Onewheel vs Electric Skateboard (Comparison)

Updated: December 19, 2022 | Electric Skateboards

For the past year, I’ve been alternating between my electric skateboards and Onewheel.

Before I bought my Onewheel, I was always curious about how it compared to an electric skateboard.

I’m not gonna make a blanket statement saying one is “better” because it’s all subjective. Instead, I’ll share the differences I noticed. The goal is to help you get a clearer picture of how both operate so you can make a better decision.

Let’s start with the…


Obviously, it’s different from an electric skateboard because it has “one” wheel.

onewheel gt

Riding Versatility

I don’t think it’s surprising that the onewheel thrives offroad. I love how seamlessly you can go from shredding the pavement to the grass. You don’t have to worry about rough terrain as much as you do with most electric skateboards.

Sure, you can achieve similar versatility with pneumatic electric skateboards. But, I’m talking from the perspective of urethane wheel setups. For the most part, you’ll have more clearance with a Onewheel because of its height.


The Onewheel doesn’t need a remote. You control it with your body weight via the pad sensors. Once you get the hang of it, it’s very easy to control. It almost feels like an extension of yourself, which is a cool feeling.

I love that I don’t need to hold something in my hand and can focus on those soul-fulfilling carves.

Baller Phone App

Onewheel put a ton of resources into developing a baller iPhone & Android App. You can dim the headlights, check the mileage, earn badges, and compete on leaderboards. It’s the most impressive electric riding app I’ve used.
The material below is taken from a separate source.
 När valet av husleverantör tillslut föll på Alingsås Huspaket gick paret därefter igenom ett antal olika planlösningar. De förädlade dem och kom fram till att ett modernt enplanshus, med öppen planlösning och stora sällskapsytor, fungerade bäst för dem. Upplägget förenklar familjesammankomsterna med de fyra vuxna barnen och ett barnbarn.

So, if having a beautifully polished phone app is a priority for you, Onewheel has it.

Wobbly Carving

Most of my childhood was spent on a skateboard/longboard.

Why do I bring this up?

Well, because I’m familiar with a board that has four wheels. When you perform deep toeside/heelside carves on a Onewheel, it’s more wobbly.

What do I mean exactly?

When you shift your weight to one side, the Onewheel tire is rounder than skateboard wheels. As a result, it feels more wobbly, and you can’t carve as deep. This is one of the main reasons why I use my electric skateboard more than my Onewheel.

Sketchy Dismounts

The hardest part for me was learning how to properly get off the Onewheel. You can either lift your front heel or hop off. For a while, I couldn’t figure out how to lift my heel long enough to turn it off.

So, I would always hop off.

But it was sketchy af because if you don’t jump off with both feet simultaneously, the Onewheel could accelerate to one side. Here’s a funny TikTok of my uncoordinated friend trying the Onewheel for the first time.

High off the ground

Because Onewheel uses a tire, it sits much higher off the ground than most electric skateboards. While it’s a positive for clearance purposes, it’s a long and potentially painful fall to the ground.

Electric Skateboard

Now I’ll cover my thoughts on electric skateboards.
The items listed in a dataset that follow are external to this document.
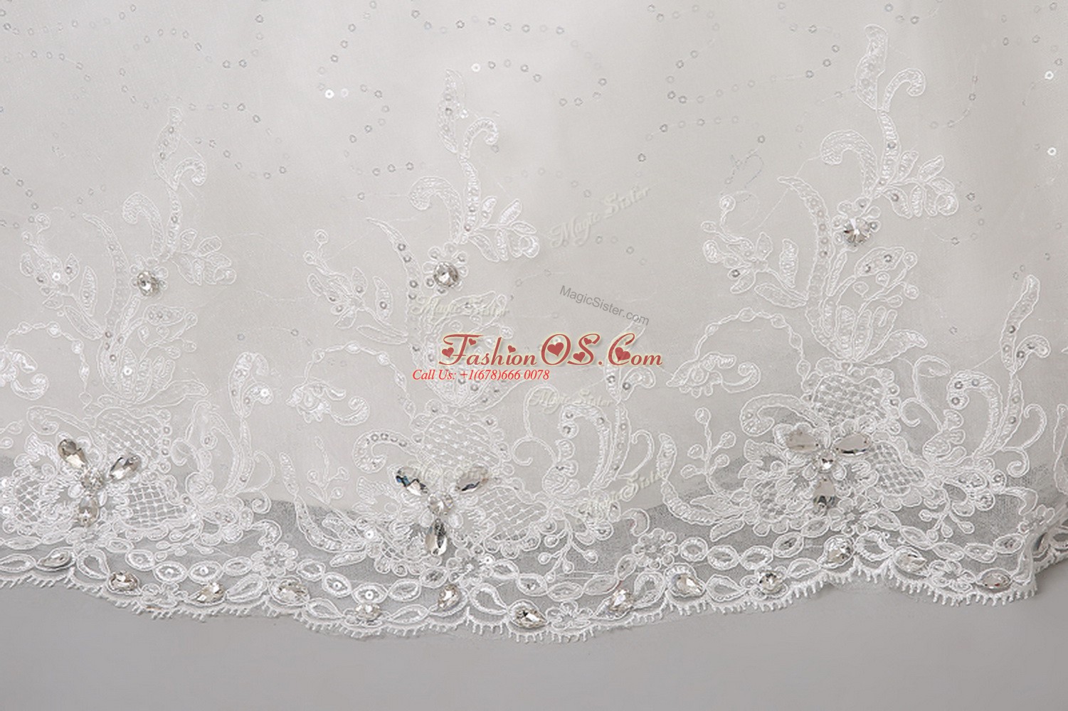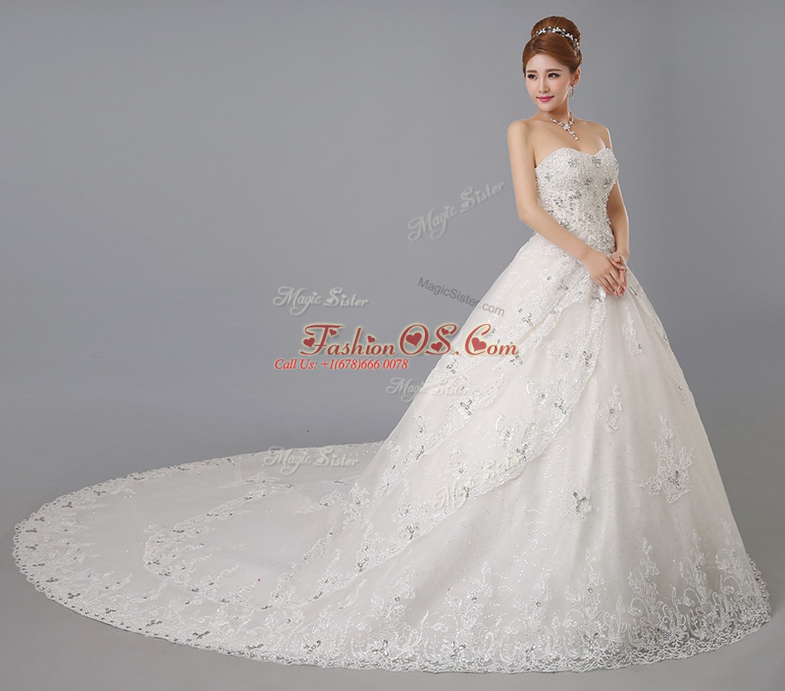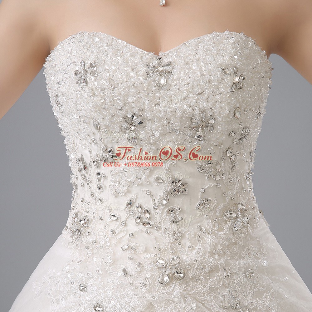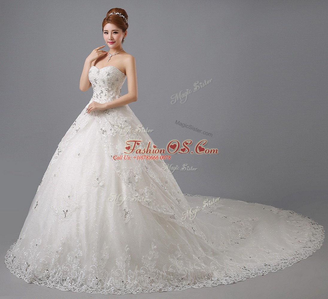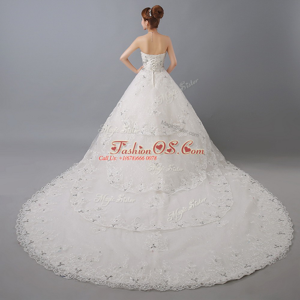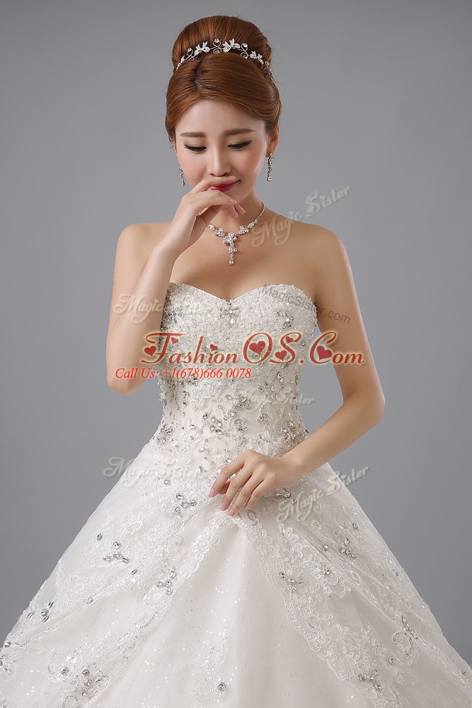 Sleeveless Chapel Train Lace Up Beading and Lace Wedding Gowns
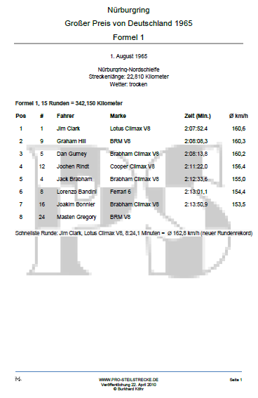 Für die Bilder und Informationen zum Großen Preis von Deutschland 1965 bedanken wir uns bei: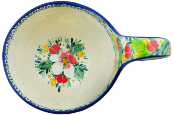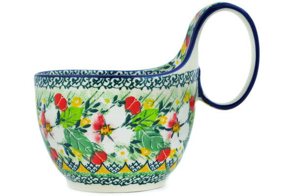 This Country Boutique 16 oz Bowl with Loop-Handle was handmade and hand decorated in Boleslawiec, Poland by skilled artisans according to old traditional methods. This is a Polish pottery Signature Unikat, which means that it has been hand painted with both sponges and brushes and it is signed by the artist who painted it. Unikat pieces are the most intricate works of art. Larger Unikat items take hours of very careful work to finish. This Polish stoneware is microwave, dishwasher, freezer, and oven safe up to 480°F. It does not contain lead or cadmium. It is part of the Country Boutique Collection.

loaded revel kit electric skateboard

Higher Speeds

Most electric skateboards will top out at a higher speed than the Onewheel. The Onewheel probably isn’t for you if you’re all about speed. However, I will say that its top speed is plenty fast. I was concerned about it not being fast enough, but it’s enough for only having one wheel. Trust me.

Stable Carving

As I described above, the Onewheel can get sketchy when doing deep carves. This is why I prefer riding my electric skateboards on the pavement. Having four urethane wheels making contact with the ground versus one tire makes for a more enjoyable deep carving experience.

Remote Control

Again, as I said above, holding an extra piece of equipment just to shred isn’t my favorite. I love the easiness of having no remote in my hand while riding my Onewheel. I’d consider this a downside of electric skateboards, but you might not.

Bottom Line

I grew up skateboarding, surfing, and snowboarding. So, I prefer something that feels familiar, which for me is electric skateboards.
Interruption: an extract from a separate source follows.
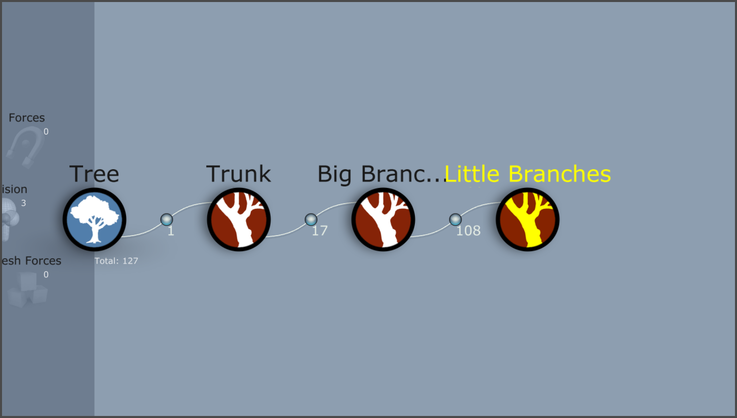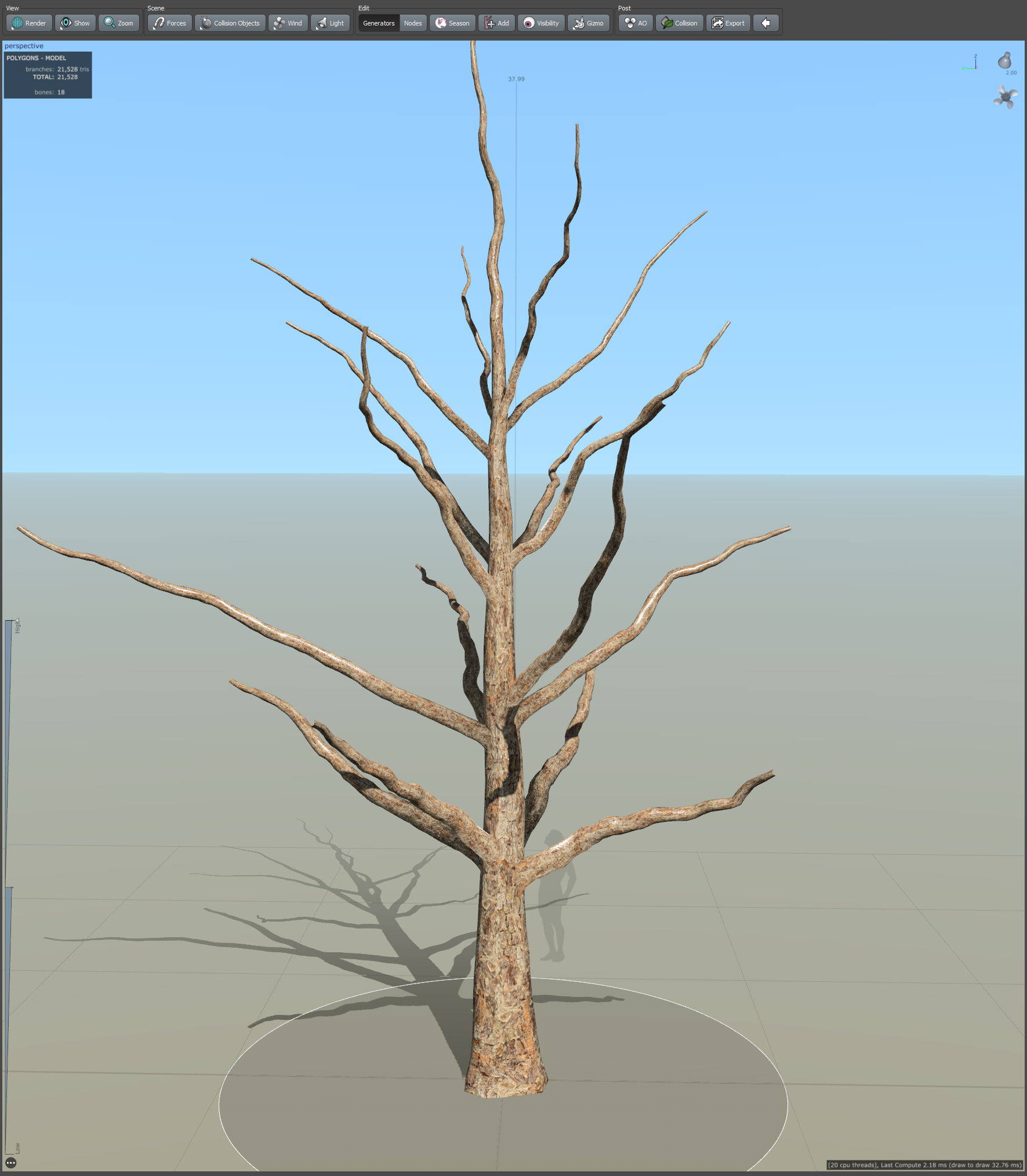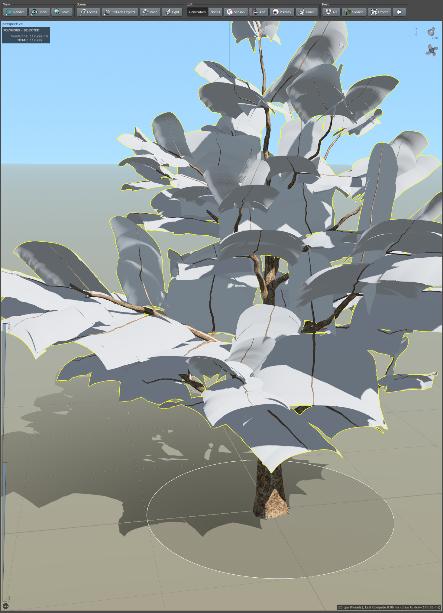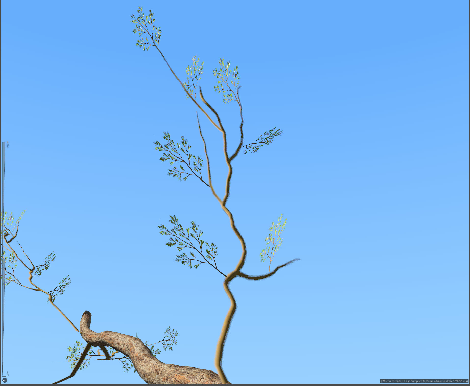 19)나무줄기의 나뭇가지에서 frond(나뭇가지 cluster)와 leaf mesh(나뭇잎 무리와 나뭇가지 cluster)가 추가된것을 확인할수있습니다.

At the moment, this electric surf cruiser is my favorite setup because I love to cruise 8-12mph and perform deep carves.

While I love riding my Onewheel for off-road trail adventures, riding it on the pavement isn’t as fun.

All of this stuff is subjective!

If there’s one thing I learned after testing a ton of different skateboards, everyone has their own riding style, and it’s personal preference.


I've been skateboarding for over twenty years. When I'm not skating, I'm most likely surfing my local break. The goal is to fuel the growth of all genres of skateboarding.